La Corte Costituzionale ha dichiarato l’incostituzionalità del dell’art. 8, secondo comma, ultimo periodo, del Regio decreto-legge 27 novembre, 1933, n. 1578 (Ordinamento delle professioni di avvocato e procuratore) nella parte in cui prevede che i praticanti avvocati possono essere nominati difensori d’ufficio, per contrasto con l’art. 24 della Costituzione.
A parere della Consulta la norma censurata consente la nomina all’indagato o all’imputato del praticante come difensore d’ufficio senza il concorso della sua volontà. In questo modo viene assegnato un difensore che non ha percorso l’intero iter abilitativo alla professione e, nel caso di nomina a favore dell’irreperibile, non sarebbe possibile rimediare neanche con la nomina di un difensore di fiducia.
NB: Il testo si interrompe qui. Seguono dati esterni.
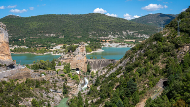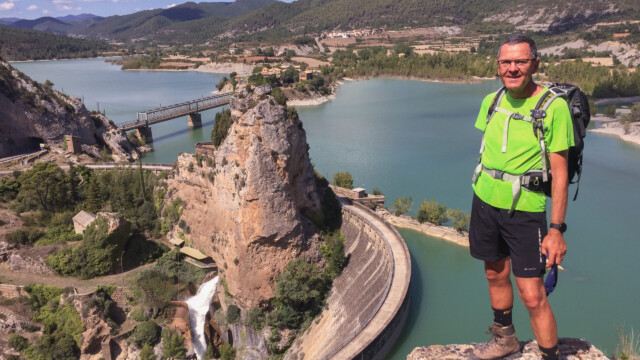 Einer der Höhepunkte war die Durchwanderung der schmalen Schlucht «Foz de Escalate» über eine hohe Steinbrücke, wobei am besten sieht es aus aus Vogelperspektive aus, d.h. hier kam unsere Drohne wieder zum Einsatz. Danach liefen wir einem Stausee entlang und waren erstaunt, wieviel Wasser da einfach «unverstromt» rausgelassen wird. Der See dient wohl hauptsächlich als Wasserspeicher für die Landwirtschaft. Eine Druckwasserleitung sahen wir dann doch noch, sie führt durch den Berg, bevor sie runter in ein Kraftwerk gelangt.

La questione, quindi, attiene alla garanzia dell’effettività della difesa d’ufficio.
La differenza, infatti, tra il praticante e l’avvocato iscritto all’albo si apprezza non solo sotto il profilo della capacità professionale del praticante avvocato, ma anche sotto il profilo della capacità processuale, “intesa come legittimazione ad esercitare, in tutto o in parte, i diritti e le facoltà proprie della funzione defensionale”.
A parere della Corte, “il praticante iscritto nel registro, pur essendo abilitato a proporre dichiarazione di impugnazione, non può partecipare all’eventuale giudizio di gravame” ed inoltre, si trova “nell’impossibilità di esercitare attività difensiva davanti al tribunale in composizione collegiale, competente in caso di richiesta di riesame nei giudizi cautelari”.